ET: You once observed that the movies you do are physically demanding in one way or another, and that that’s a good way to keep your health on track.

JA: Yeah, I think the reason I haven’t worked out regularly is because I haven’t had a reason to, but now that I have a movie that I need to train for and be fit for I’m going to start working out again.
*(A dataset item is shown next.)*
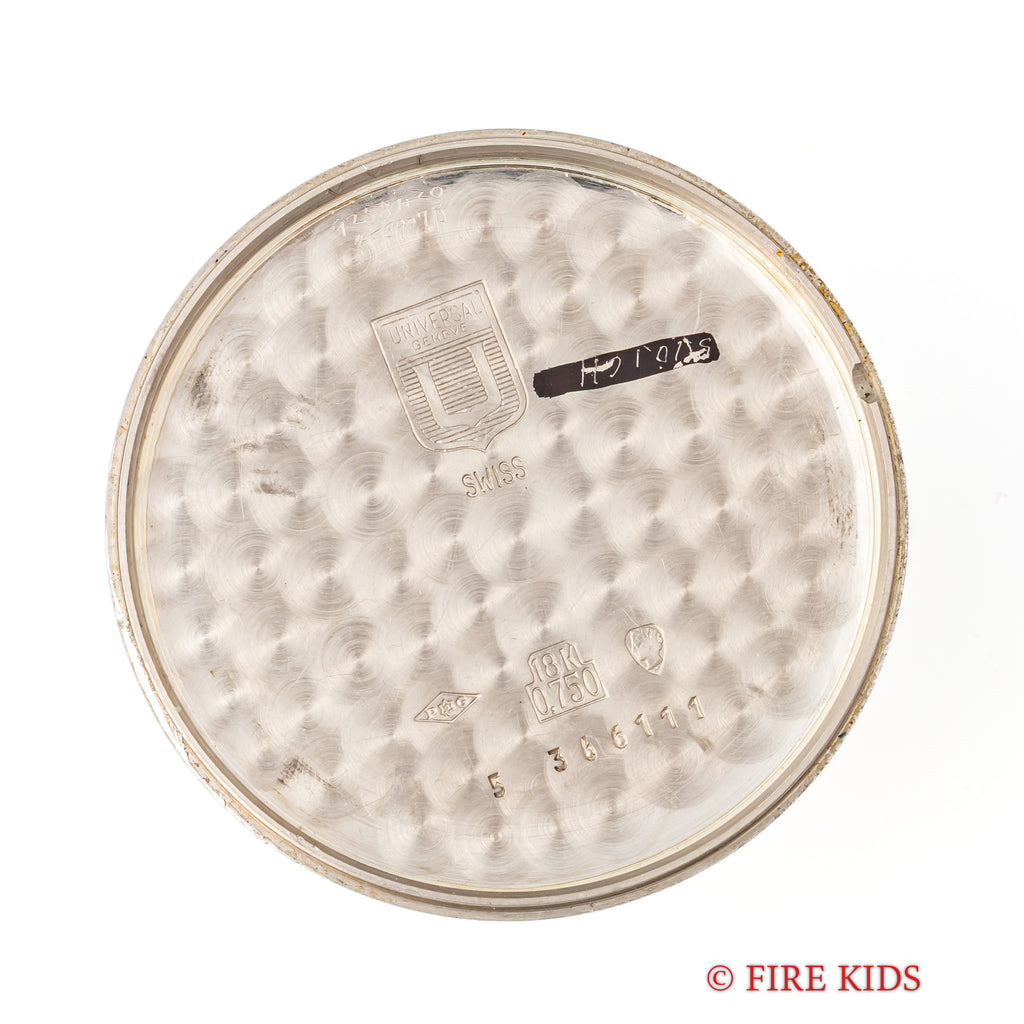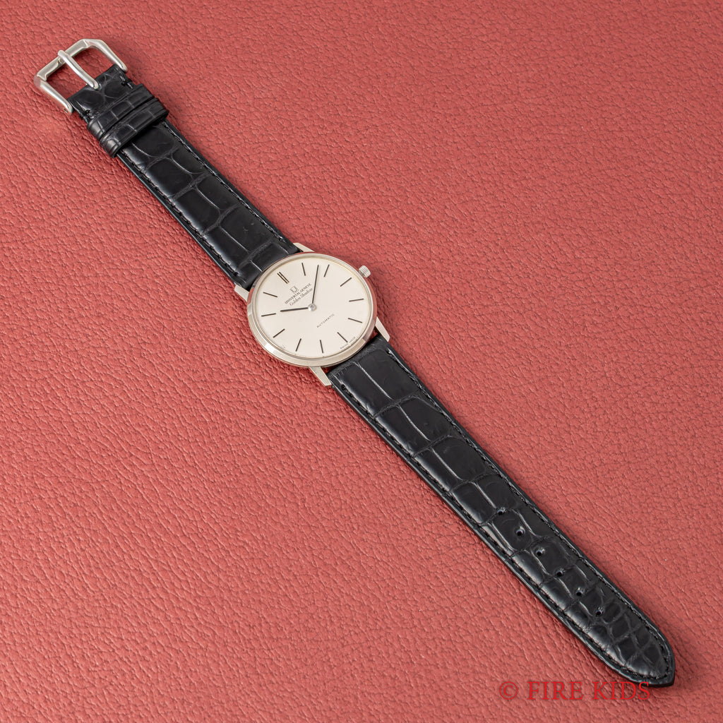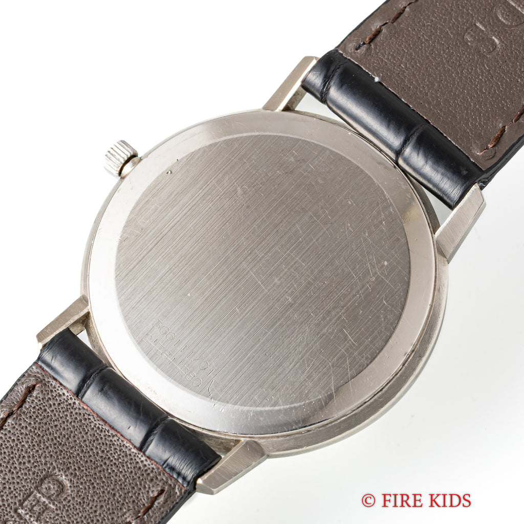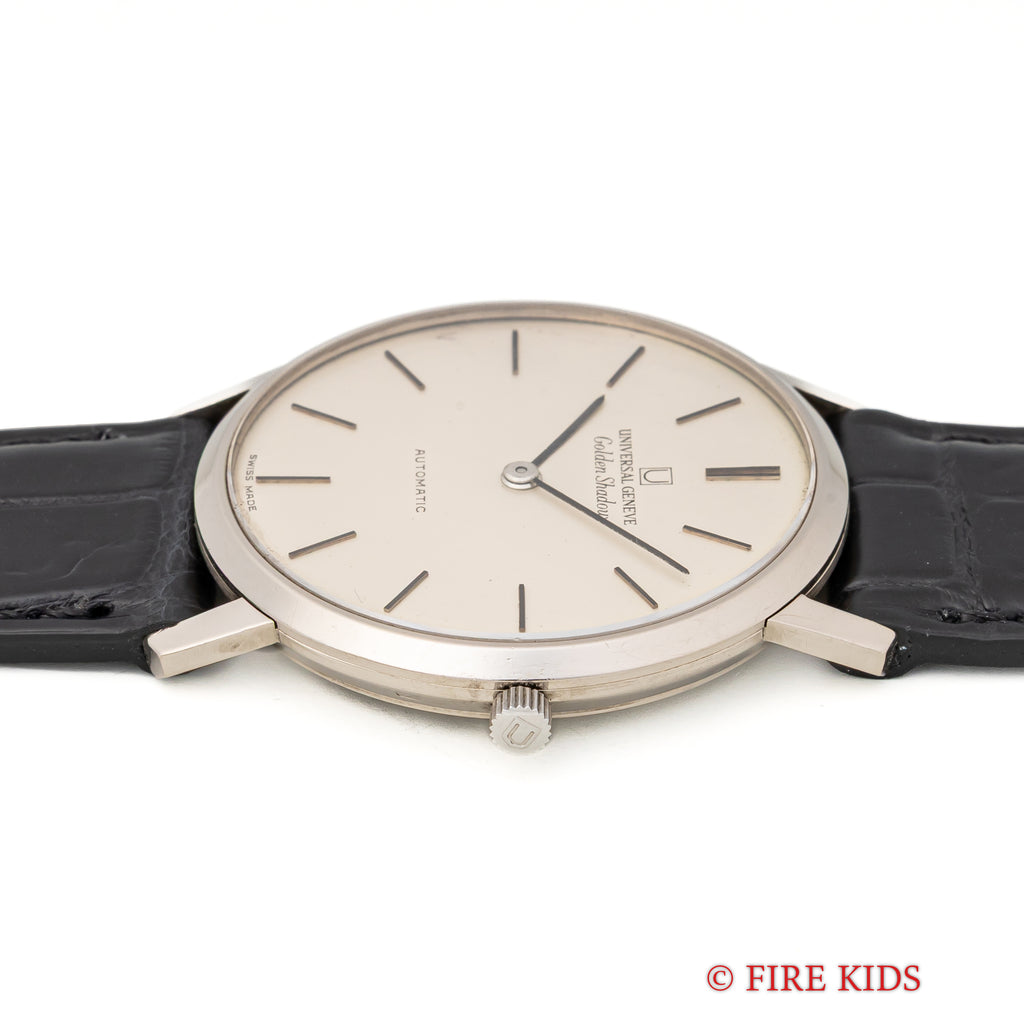 ユニバーサル ジュネーブ ゴールデンシャドウ 18金無垢 1967年製 マイクロローター自動巻きです。118KWGのラウンド型の薄型ステンレスケースでマイクローターを搭載し、この薄さでありながら自動巻きを実現させています。シンプルなラウンドケースのデザインで腕乗りの良い時計です。ムーブメントは抜群の仕上がりの自動巻きCal.2-66を搭載。手巻きや針回しの操作はスムースです。ケースは小傷はございますが大きなダメージはございません。ベルトはファイアーキッズオリジナルのクロコダイル革ベルトが取り付けてあります。

ET: You obviously have more control over your diet when you’re home. How do you meet the challenge of maintaining a healthy diet when you’re away, travelling overseas for a movie, for instance?

JA: Weirdly I feel like we [in the US] consume the highest amount of super-processed food, and we in this country are really big on pesticides and things being genetically modified. But when I go to other countries, everywhere from China to Japan to Europe, for some reason the local food always tastes better.

When I’m in France, this farm over here makes that cheese, and I may get to meet the local butcher. They don’t really have the same rules that we have here as far as pesticides and GMOs go. It’s always pretty fresh. I think that’s why everyone says you can go to Europe and eat bread and cheese and drink wine, and you don’t get fat. I just eat local.

ET: Now that you have two daughters, and you’re in a very image-conscious industry, are you concerned that young women still have to face negative self-image issues because of marketing that tells women who they should be?

JA: Yeah, I think there’s always that, but I think more than ever, especially with social media, there’s this truth [that emerges], and people can kind of have more discussions around image. People are now global citizens and have access to the world through the Internet, so I think we’re moving in a good direction.